What to do: Omit all pictures and transcribe only the lines in the entries below that run from the line with "Hier wirst du" through the line with "Le profil nutritionnel".

== Input records

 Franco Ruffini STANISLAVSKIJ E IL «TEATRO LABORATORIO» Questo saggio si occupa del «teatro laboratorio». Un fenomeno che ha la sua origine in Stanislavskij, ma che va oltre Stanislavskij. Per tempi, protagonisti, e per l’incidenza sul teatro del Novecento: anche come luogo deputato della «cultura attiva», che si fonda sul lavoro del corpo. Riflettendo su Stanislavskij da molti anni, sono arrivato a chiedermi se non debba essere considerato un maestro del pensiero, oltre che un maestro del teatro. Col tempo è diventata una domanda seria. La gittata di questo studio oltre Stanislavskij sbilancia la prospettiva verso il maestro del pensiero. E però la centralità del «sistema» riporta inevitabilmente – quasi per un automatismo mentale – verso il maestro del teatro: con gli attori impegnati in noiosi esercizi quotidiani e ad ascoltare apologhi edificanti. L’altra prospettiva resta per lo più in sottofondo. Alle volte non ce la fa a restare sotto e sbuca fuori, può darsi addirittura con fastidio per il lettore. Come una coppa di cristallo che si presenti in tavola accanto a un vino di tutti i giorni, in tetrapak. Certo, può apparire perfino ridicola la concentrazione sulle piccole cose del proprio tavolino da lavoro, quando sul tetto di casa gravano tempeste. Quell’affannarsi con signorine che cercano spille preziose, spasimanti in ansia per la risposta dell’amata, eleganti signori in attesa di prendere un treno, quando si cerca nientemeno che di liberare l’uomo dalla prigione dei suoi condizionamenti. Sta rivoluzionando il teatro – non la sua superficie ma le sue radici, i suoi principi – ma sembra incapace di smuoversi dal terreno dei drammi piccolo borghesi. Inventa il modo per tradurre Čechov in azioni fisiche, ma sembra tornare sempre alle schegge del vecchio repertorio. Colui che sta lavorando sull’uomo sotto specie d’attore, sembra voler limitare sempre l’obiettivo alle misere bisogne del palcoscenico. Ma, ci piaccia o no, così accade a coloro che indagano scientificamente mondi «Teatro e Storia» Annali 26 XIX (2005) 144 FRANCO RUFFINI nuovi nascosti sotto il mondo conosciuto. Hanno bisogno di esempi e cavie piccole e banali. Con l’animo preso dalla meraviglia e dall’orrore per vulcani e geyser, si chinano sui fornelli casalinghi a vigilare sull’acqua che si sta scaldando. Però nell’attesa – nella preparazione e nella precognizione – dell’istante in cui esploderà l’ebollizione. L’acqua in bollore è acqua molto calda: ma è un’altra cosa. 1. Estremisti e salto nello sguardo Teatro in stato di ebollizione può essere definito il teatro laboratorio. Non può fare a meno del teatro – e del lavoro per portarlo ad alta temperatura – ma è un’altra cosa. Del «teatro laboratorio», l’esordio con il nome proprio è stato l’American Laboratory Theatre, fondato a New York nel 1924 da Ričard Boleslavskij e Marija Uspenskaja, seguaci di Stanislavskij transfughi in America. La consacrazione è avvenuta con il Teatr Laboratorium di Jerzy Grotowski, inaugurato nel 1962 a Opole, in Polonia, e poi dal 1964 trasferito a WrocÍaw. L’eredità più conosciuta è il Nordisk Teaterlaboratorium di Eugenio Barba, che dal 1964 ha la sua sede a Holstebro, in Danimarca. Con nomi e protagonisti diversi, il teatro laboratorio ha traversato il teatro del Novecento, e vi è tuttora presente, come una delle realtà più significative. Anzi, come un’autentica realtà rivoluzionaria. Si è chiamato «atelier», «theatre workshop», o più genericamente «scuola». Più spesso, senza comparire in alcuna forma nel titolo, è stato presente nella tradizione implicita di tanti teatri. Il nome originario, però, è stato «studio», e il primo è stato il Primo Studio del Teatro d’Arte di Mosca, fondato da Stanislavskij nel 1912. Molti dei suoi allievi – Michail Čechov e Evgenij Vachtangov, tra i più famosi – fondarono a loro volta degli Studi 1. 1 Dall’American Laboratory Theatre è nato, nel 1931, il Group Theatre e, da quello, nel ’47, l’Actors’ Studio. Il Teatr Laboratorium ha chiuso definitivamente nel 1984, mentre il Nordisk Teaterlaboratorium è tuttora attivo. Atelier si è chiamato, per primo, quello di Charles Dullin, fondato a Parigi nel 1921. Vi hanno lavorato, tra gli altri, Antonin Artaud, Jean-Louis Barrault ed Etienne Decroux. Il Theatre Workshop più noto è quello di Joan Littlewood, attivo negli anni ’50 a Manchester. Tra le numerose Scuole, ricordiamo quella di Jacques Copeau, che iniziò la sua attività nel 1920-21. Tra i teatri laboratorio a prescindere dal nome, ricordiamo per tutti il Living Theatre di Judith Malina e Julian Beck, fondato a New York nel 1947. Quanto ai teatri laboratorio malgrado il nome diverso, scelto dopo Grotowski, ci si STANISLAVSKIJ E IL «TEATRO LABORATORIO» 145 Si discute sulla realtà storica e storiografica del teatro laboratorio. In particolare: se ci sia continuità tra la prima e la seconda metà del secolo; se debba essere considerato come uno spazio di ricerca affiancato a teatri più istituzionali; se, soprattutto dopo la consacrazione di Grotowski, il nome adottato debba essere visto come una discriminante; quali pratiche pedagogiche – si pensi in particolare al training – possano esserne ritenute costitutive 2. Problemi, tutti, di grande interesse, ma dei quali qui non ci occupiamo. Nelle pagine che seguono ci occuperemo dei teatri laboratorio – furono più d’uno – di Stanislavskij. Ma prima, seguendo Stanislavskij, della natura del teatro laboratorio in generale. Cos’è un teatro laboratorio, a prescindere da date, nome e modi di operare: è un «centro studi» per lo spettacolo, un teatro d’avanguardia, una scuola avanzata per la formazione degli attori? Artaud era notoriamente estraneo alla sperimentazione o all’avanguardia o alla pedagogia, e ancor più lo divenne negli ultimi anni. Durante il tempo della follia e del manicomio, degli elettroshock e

====
== Input records

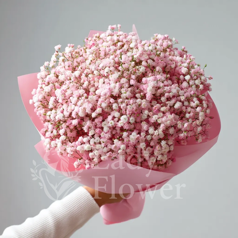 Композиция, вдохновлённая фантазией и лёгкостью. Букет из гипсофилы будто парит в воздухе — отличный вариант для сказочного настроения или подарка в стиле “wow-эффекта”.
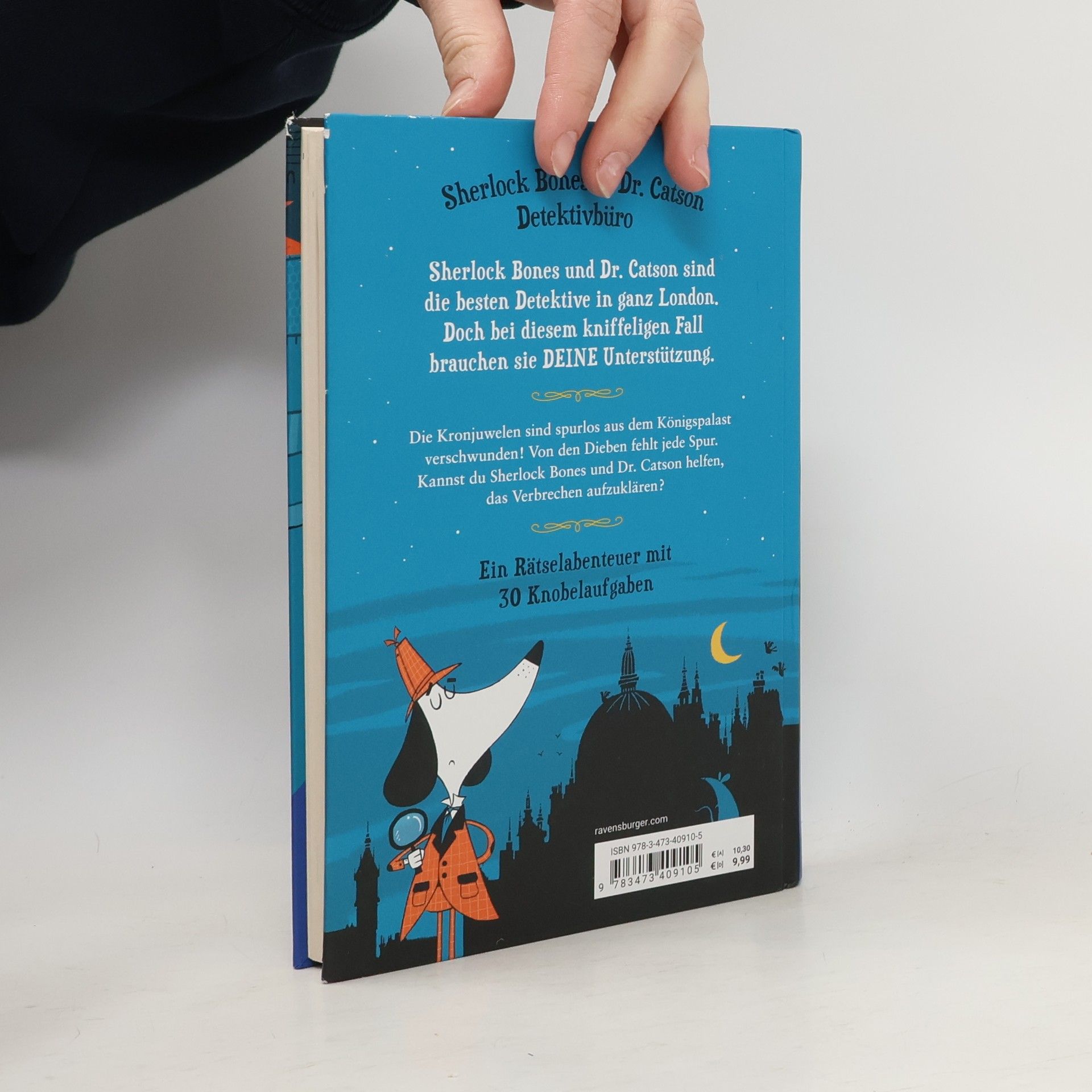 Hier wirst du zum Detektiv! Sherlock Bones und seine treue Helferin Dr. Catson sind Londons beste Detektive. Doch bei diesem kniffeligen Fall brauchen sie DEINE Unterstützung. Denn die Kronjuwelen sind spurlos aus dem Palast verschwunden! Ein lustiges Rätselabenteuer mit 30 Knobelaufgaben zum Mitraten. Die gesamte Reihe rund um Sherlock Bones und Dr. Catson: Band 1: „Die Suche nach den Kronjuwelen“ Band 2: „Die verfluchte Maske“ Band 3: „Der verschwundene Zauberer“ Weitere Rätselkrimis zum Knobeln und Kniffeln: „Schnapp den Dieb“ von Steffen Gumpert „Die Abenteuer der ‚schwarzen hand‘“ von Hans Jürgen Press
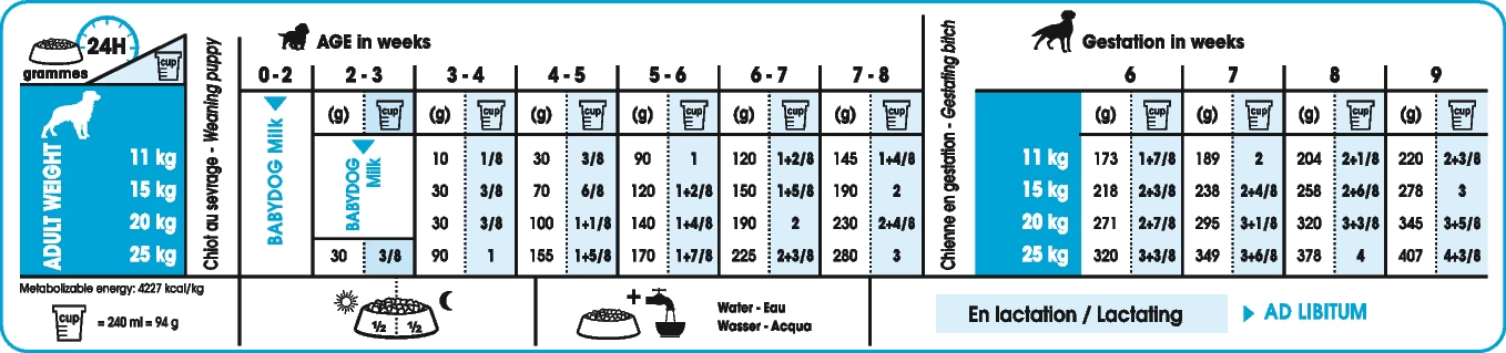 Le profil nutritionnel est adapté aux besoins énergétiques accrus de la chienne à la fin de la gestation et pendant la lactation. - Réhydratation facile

====
== Input records

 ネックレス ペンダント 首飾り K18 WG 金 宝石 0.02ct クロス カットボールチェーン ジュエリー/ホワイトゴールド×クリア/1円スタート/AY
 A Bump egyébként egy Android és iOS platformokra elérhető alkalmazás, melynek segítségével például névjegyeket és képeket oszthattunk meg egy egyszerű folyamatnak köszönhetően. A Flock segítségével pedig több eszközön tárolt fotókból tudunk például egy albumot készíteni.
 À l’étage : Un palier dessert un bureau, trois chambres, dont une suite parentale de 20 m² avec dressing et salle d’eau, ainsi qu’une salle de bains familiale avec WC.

====

Your solution:
 Hier wirst du zum Detektiv! Sherlock Bones und seine treue Helferin Dr. Catson sind Londons beste Detektive. Doch bei diesem kniffeligen Fall brauchen sie DEINE Unterstützung. Denn die Kronjuwelen sind spurlos aus dem Palast verschwunden! Ein lustiges Rätselabenteuer mit 30 Knobelaufgaben zum Mitraten. Die gesamte Reihe rund um Sherlock Bones und Dr. Catson: Band 1: „Die Suche nach den Kronjuwelen“ Band 2: „Die verfluchte Maske“ Band 3: „Der verschwundene Zauberer“ Weitere Rätselkrimis zum Knobeln und Kniffeln: „Schnapp den Dieb“ von Steffen Gumpert „Die Abenteuer der ‚schwarzen hand‘“ von Hans Jürgen Press
 Le profil nutritionnel est adapté aux besoins énergétiques accrus de la chienne à la fin de la gestation et pendant la lactation. - Réhydratation facile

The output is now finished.